Have you ever wondered why the latest artificial intelligence models, like GPT-4 or Claude 3 Opus, are so enormous? We’re talking hundreds of billions or even trillions of parameters. These are digital monsters requiring massive amounts of energy and data-center-level infrastructure.

For years, AI followed a simple rule:
“Bigger means better.”
Want a smarter model? Add more layers, more data, more GPUs.

But — what if this is a dead end?

What if instead of one giant that tries to know everything, it’s better to build a team of experts, agile and specialized?

This is the vision introduced in the recent work from Purdue University:

“Experts are all you need: A Composable Framework for Large Language Model Inference” (arXiv:2511.22955).

The proposed architecture, Comp-LLM, allows combining small and mid-sized models into an intelligent, composable system that:

is faster,
is cheaper,
runs in parallel,
and rivals giant models in quality.

Sounds like a revolution?
This article walks through everything — from analogies to mathematical and architectural details.
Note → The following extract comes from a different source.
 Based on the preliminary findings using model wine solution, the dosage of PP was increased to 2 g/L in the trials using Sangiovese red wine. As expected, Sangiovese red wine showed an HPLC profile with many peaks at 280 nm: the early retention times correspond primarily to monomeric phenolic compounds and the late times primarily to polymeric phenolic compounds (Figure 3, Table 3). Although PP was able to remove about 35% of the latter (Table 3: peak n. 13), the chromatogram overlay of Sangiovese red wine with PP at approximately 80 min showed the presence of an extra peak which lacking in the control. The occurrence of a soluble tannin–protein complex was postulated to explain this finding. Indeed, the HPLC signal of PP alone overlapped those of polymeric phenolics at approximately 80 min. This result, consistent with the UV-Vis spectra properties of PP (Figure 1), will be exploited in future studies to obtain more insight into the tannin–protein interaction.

Comp-LLM “in simple terms”

The Problem: One-Man Band vs. Professional Crew

Imagine you’re doing a major home renovation. Two options:

Option 1: Monolithic Model (GPT-4, Llama-70B)

You hire one person — Mr. Jack-of-all-Trades.
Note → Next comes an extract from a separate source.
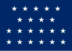 The introduction of the Union Jack design, "comprising the national ensign's blue field and white stars";[17] examples of many layouts of the 13-star pattern exist (see Flag of the United States). |
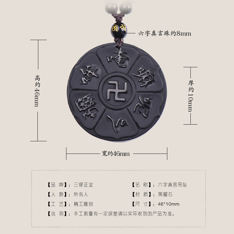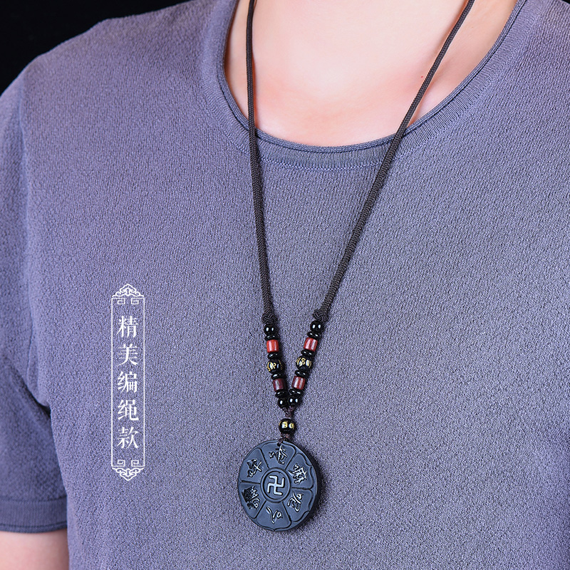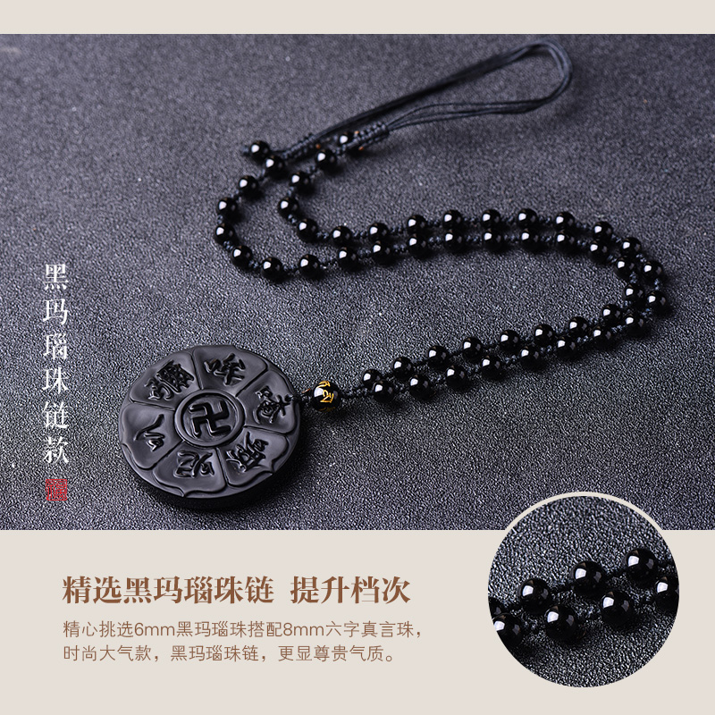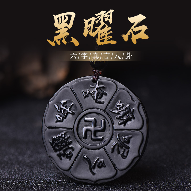 黑曜石六字真言吊坠大明咒万字符万挂件男士八卦护身福项链女饰品

He knows everything: plumbing, electricity, painting, poetry, quantum physics.
Sounds great, but:

he’s slow,
he’s gigantic,
his “brain” is full of knowledge irrelevant to the current task,
to fix a faucet, he must search his entire “universe of knowledge.”

This is your classic LLM.

Option 2: Agent Systems (AutoGen, ReAct)

You hire a manager who summons specialists one by one:

Plumber arrives → works → leaves.
Electrician arrives → works → leaves.

Quality is good, but it takes forever.
Everyone waits for the previous one.

These are classic agent systems — sequential.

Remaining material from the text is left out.